→ Prompt
Everything in the listing should be set down exactly, apart from the pictures.

→ Data segment
------------------------

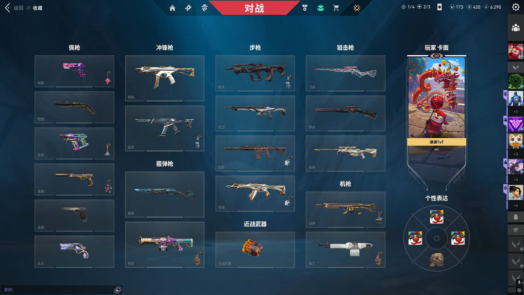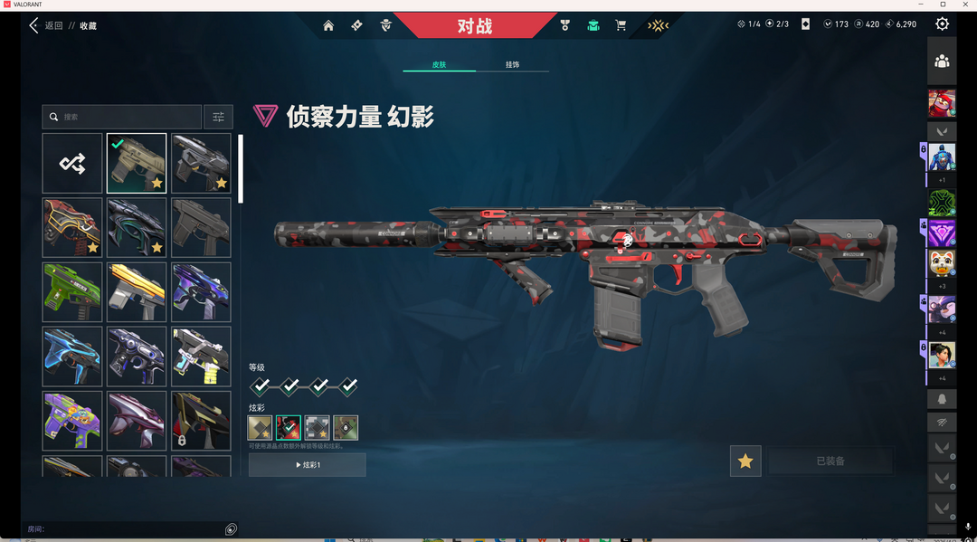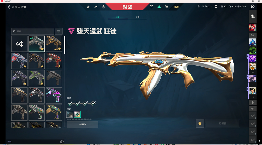 装备描述:随身武器:(盖世英雄 鬼魅 炫彩3);(盖世英雄 鬼魅 炫彩1);(千灵华绽 正义 炫彩1);(千灵华绽 正义 炫彩2);(混沌序曲 短炮 炫彩2);(混沌序曲 短炮 炫彩3);(混沌序曲 短炮 炫彩1) 冲锋枪:(海洋之星 骇灵 炫彩1);(混沌序曲 蜂刺 炫彩2);(混沌序曲 蜂刺 炫彩3);(混沌序曲 蜂刺 炫彩1) 霰弹枪:(盖亚的复仇//2.0 雄鹿 炫彩3);(盖亚的复仇//2.0 雄鹿 炫彩2) 步枪:(盖亚的复仇 狂徒 炫彩3);(盖亚的复仇 狂徒 炫彩2);(侦察力量 幻影 炫彩3);(盖世英雄 狂徒 炫彩2);(盖世英雄 狂徒 炫彩1);(781-A协议 幻影 炫彩2);(781-A协议 幻影 炫彩3);(混沌序曲 狂徒 炫彩2);(混沌序曲 狂徒 炫彩1);(黯夜怪谈 獠犬 炫彩3);(黯夜怪谈 獠犬 炫彩2);(异鳞魔蛇 幻影 炫彩2);(异鳞魔蛇 幻影 炫彩1);(RGX 11z Pro 狂徒 炫彩2);(RGX 11z Pro 狂徒 炫彩1) 狙击步枪:(盖亚的复仇 飞将 炫彩3);(盖亚的复仇 飞将 炫彩1);(盖亚的复仇 飞将 炫彩2);(盖世英雄 冥驹
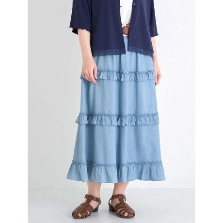 ティアードフリルスカート(チェック柄・デニム)
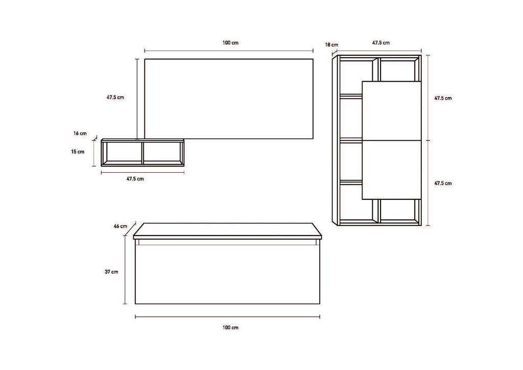 Badezimmer-Hängeschrank 7 Elemente in Melamin 180x46,5x190cm TFT Ibiza Weiß Grau
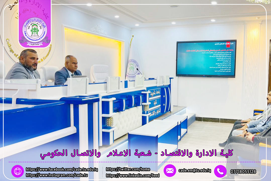 برعاية الأستاذ الدكتور وعد محمود رؤوف، رئيس جامعة تكريت، وبإشراف الأستاذ المساعد الدكتور فؤاد فرحان حسين، عميد كلية الإدارة والاقتصاد، نظّمت وحدة الإرشاد النفسي والتوجيه التربوي ندوة علمية بعنوان "ظاهرة المخدرات: الأسباب والمعالجة"، وذلك ضمن فعاليات الأسبوع العراقي لمكافحة المخدرات، وذلك يوم الأحد الموافق 16/11/2025، في تمام الساعة العاشرة صباحًا على قاعة الدكتور محمد بدع.

------------------------

→ Solution to the exercise
 装备描述:随身武器:(盖世英雄 鬼魅 炫彩3);(盖世英雄 鬼魅 炫彩1);(千灵华绽 正义 炫彩1);(千灵华绽 正义 炫彩2);(混沌序曲 短炮 炫彩2);(混沌序曲 短炮 炫彩3);(混沌序曲 短炮 炫彩1) 冲锋枪:(海洋之星 骇灵 炫彩1);(混沌序曲 蜂刺 炫彩2);(混沌序曲 蜂刺 炫彩3);(混沌序曲 蜂刺 炫彩1) 霰弹枪:(盖亚的复仇//2.0 雄鹿 炫彩3);(盖亚的复仇//2.0 雄鹿 炫彩2) 步枪:(盖亚的复仇 狂徒 炫彩3);(盖亚的复仇 狂徒 炫彩2);(侦察力量 幻影 炫彩3);(盖世英雄 狂徒 炫彩2);(盖世英雄 狂徒 炫彩1);(781-A协议 幻影 炫彩2);(781-A协议 幻影 炫彩3);(混沌序曲 狂徒 炫彩2);(混沌序曲 狂徒 炫彩1);(黯夜怪谈 獠犬 炫彩3);(黯夜怪谈 獠犬 炫彩2);(异鳞魔蛇 幻影 炫彩2);(异鳞魔蛇 幻影 炫彩1);(RGX 11z Pro 狂徒 炫彩2);(RGX 11z Pro 狂徒 炫彩1) 狙击步枪:(盖亚的复仇 飞将 炫彩3);(盖亚的复仇 飞将 炫彩1);(盖亚的复仇 飞将 炫彩2);(盖世英雄 冥驹
 ティアードフリルスカート(チェック柄・デニム)
 Badezimmer-Hängeschrank 7 Elemente in Melamin 180x46,5x190cm TFT Ibiza Weiß Grau
 برعاية الأستاذ الدكتور وعد محمود رؤوف، رئيس جامعة تكريت، وبإشراف الأستاذ المساعد الدكتور فؤاد فرحان حسين، عميد كلية الإدارة والاقتصاد، نظّمت وحدة الإرشاد النفسي والتوجيه التربوي ندوة علمية بعنوان "ظاهرة المخدرات: الأسباب والمعالجة"، وذلك ضمن فعاليات الأسبوع العراقي لمكافحة المخدرات، وذلك يوم الأحد الموافق 16/11/2025، في تمام الساعة العاشرة صباحًا على قاعة الدكتور محمد بدع.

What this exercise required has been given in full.